I have an essay in the Los Angeles Review of Books that uses the story of my career to look at travel writing over the last 40 years (in books, magazines, and newspapers). Along the way it touches on the rise of American self-absorption, the shame of National Geographic, and the mystery of Louis C.K.'s initials.
Walking around Kenyon I also noticed, with some concern, posters bearing my picture. A friend had gotten me invited to speak as part of the Kenyon Review’s “Writers on Writing” series. I had never been published in the esteemed quarterly (thankfully, I had not submitted anything in years), and now I was scheduled to address students and faculty in its dollhouse offices. In the Cheever Room. On the campus where David Foster Wallace gave his now famous commencement address (copies of which were for sale in the college bookstore). I strolled the gravel paths nervously going over my lines.

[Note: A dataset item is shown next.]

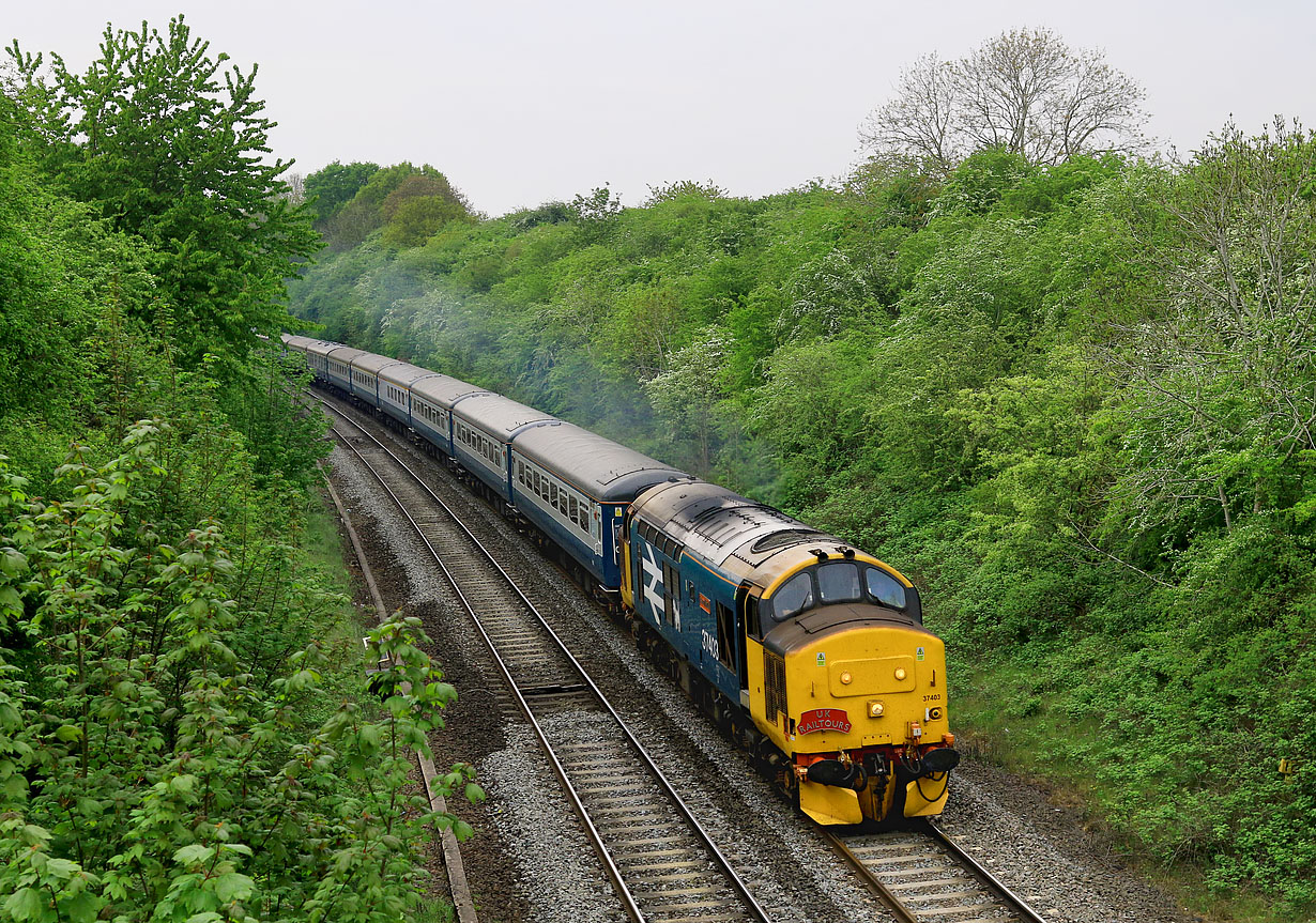 37403 Isle of Mull passes Whitnash on 26 April 2025 with the UK Railtours 1Z38 15:31 Kings Norton Signal SY522 to Stratford 'The Really Good Positioning Move' railtour. 20007 & 20205 are hidden by the foliage on the rear of the train.

About 25 people sat expectantly in the bright Cheever Room at the back of the Review’s offices. I began by reading the opening of an essay of mine from The Wilson Quarterly (as a sign that I was quarterly-worthy). Then I spoke for about 30 minutes on the three steps in writing a travel story: preparation before the trip, legwork while on site, and writing. I talked about the important elements: movement, personal voice, point of view, imagination, humor. And I mentioned how most of my time in front of the computer screen is not spent writing but rewriting. I quoted Paddy Chayevsky – “I’m not a great writer, but I’m a great rewriter” – but forgot Andre Gide: “I rewrite in order to be reread.”
The talk was well-received, which made me feel good (I hadn’t embarrassed my friend). But later it occurred to me that a travel writer speaking in an academic setting benefits from a remarkably low bar. If you don’t talk about frequent flyer strategies and the top 10 European hotels, you can almost come off sounding intellectual.

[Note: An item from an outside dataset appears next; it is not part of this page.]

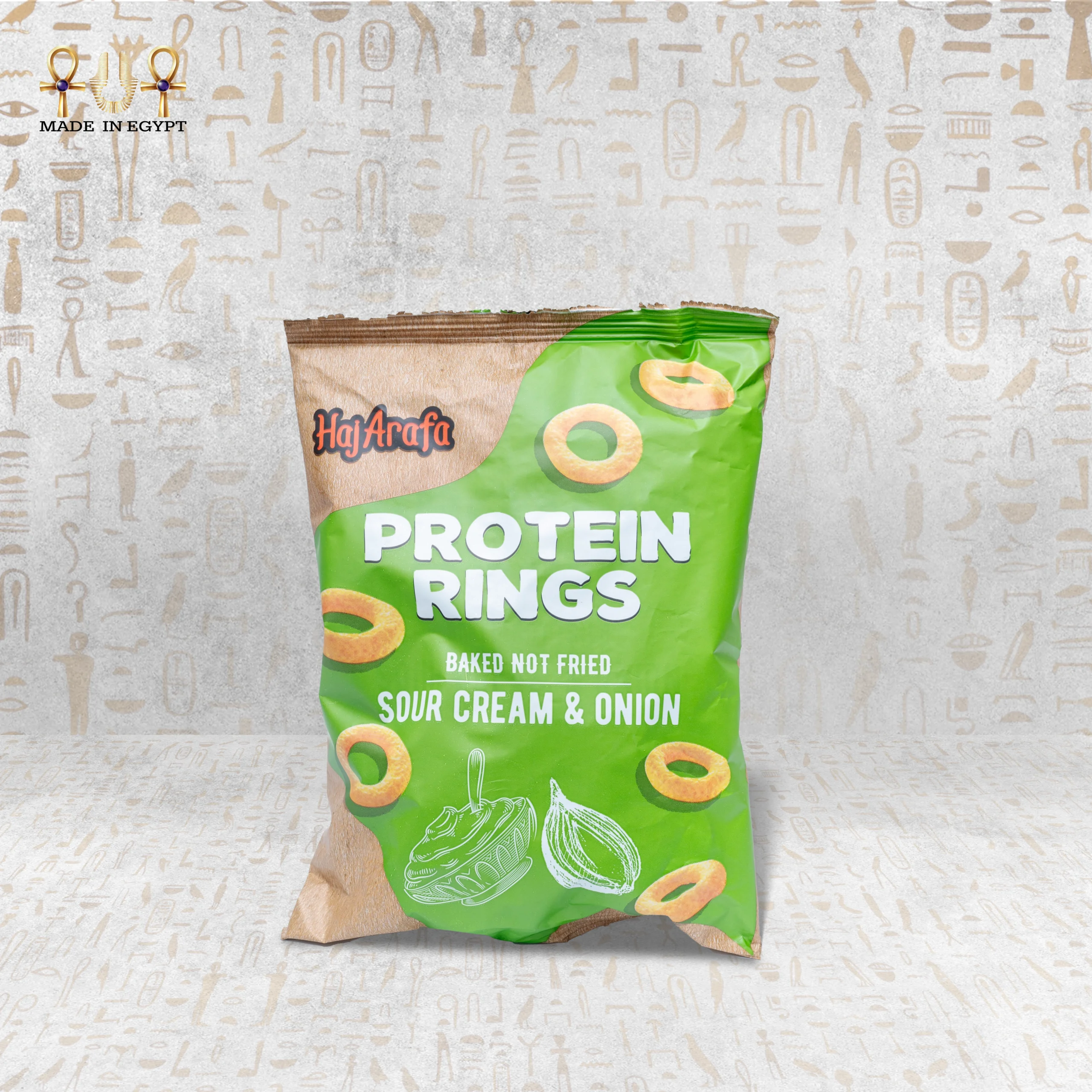 Haj Arafa Protein Rings are a healthy snack with sour cream & onion flavor. Baked, not fried, protein-rich, and perfect for daily life.

Saturday I was sitting at Paul’s at Sawgrass Mills – Hania and our house guest had gone off shopping – reading an email from an editor expressing his desire to publish the essay I had sent him. The joy of modern communication, I thought: At any moment, even on a Saturday afternoon, your world can be made bright.
Sunday night we sat with our houseguests at Thai Spice. As they studied the menu, I checked my emails. There was one from another editor at the same magazine; the first editor had mentioned that he would give my essay to a colleague for some ‘slight’ trimming. This editor said that he had narrowed the focus of my essay, and because of that it would require a new ending.
I slipped my phone back into my pocket and silently cursed the immediacy of modern communication.
My six-week travel writing course in Miami – which begins tonight – coincides nicely with the new issue of Granta in which 13 writers are asked if travel writing is dead.
It’s something I’ve been asking myself, but in a different way, wondering if there is still any interest among the public in travel writing. Reading is on the decline generally, and when it comes to getting to know the world there are now many more enticing (though not necessarily superior) ways to do it – HD, interactive apps, virtual reality, etc. The two most popular travel books of recent years – Eat, Pray, Love and Wild – were at heart memoirs.
Pico Iyer gets at this dwindling not of a genre but of an audience for it (which, ultimately I guess, is the same thing) when he laments the abundance of pedestrian blogs and the increasing absence of bold, thoughtful, rigorous portraitures of places. “But that doesn’t mean that travel writing is dead;” he concludes, “only that we sometimes are.”